On August 21, 2024, the CFPB issued a consent order against a residential mortgage servicer alleging that the company violated a 2017 Consent Order with the CFPB, the Real Estate Settlement Procedures Act, the Truth in Lending Act, the Homeowners Protection Act, and the Consumer Financial Protection Act for prohibited foreclosure actions against borrowers and interfering with loss mitigation relief options. The CFPB alleged that the company: flouted the 2017 consent order and continued to engage in prohibited foreclosure activities, failed to timely place holds on foreclosures, and failed to develop written policies and procedures to ensure compliance. Failed to provide full information to borrowers about their loss mitigation options Overcharged for private mortgage insurance and late fees higher than allowed by the mortgage contract. The consent order requires the company to pay $3 million in consumer redress and a $2 million penalty, to be deposited into the CFPB's victims relief fund. The consent order also includes "corporate responsibility provisions" requiring the company to invest $2 million to update its servicing technology and compliance management systems. The consent also puts limits on compensation to the company's Chairman of the Board and CEO if he doesn't take actions necessary to ensure compliance with the Order.

Bite 2: CFPB and DOJ Take Action Against Mortgage Company

On October 15, 2024, the CFPB and DOJ announced an action against a mortgage company, alleging it redlined in Birmingham, Alabama, violating the Equal Credit Opportunity Act, the Consumer Financial Protection Act, and the Fair Housing Act. The CFPB alleged that the mortgage company's own data showed that it was failing to serve majority-Black neighborhoods around Birmingham, but before October 2022, did not take any steps to address redlining risks, other than telling loan officers not to discriminate.

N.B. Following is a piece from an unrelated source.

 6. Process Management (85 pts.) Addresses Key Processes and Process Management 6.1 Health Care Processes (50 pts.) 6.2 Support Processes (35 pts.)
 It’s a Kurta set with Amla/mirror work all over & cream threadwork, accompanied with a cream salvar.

The complaint also alleged that the company predominantly directed its marketing to majority-white areas, including locating its three retail loan offices and three loan production desks in majority-white areas. The proposed order requires the company to pay a $1.9 million penalty to the CFPB's civil penalty fund, provide $7 million for a loan subsidy program, and pay at least $1 million to serve neighborhoods it redlined. The $1 million to serve the neighborhoods it redlined includes: spending at least $500,000 on advertising and outreach, spending at least $250,000 on consumer education, and spending at least $250,000 on partnerships with one or more community-based or governmental organizations.

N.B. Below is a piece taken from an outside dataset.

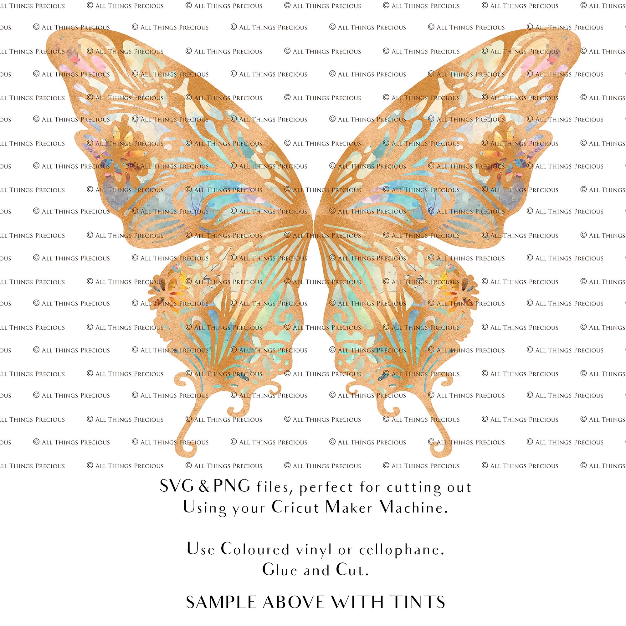 SVG & PNG Fairy/Angel Wing files for Cricut, Silhouette Cameo and other Cutting Machines. Create wearable fairy wings, all sizes. Perfect for Halloween Costumes, Fantasy, Cosplay, Photography. Prints, Wedding, Engagement, Baby Shower invitations, Sublimation Printing, Clip Art and more. Cut and assemble. ATP Textures.

Bite 1: CFPB Takes Action Against Reverse Mortgage Servicing Contractor and its Affiliates

On June 18, 2024, the CFPB took an action against a reverse mortgage servicing contractor and its affiliates alleging violations of the CFPA and RESPA. In this action, the CFPB alleged that the companies failed to maintain staffing adequate to handle as many as 150,000 borrowers per year, preventing borrowers from fulfilling their annual occupancy requirements, obtaining loan payoff statements, and finding foreclosure alternatives. The consent orders permanently ban three of the four servicers from reverse mortgage servicing and requires the remaining entity to develop a compliance plan before engaging in reverse mortgage servicing again. The consent order requires the subcontracting entities to pay $11.5 million in consumer redress and a $5 million civil money penalty, the entity that was holder of the reverse mortgage servicing contract must pay a nominal civil penalty of $1, based on its inability to pay.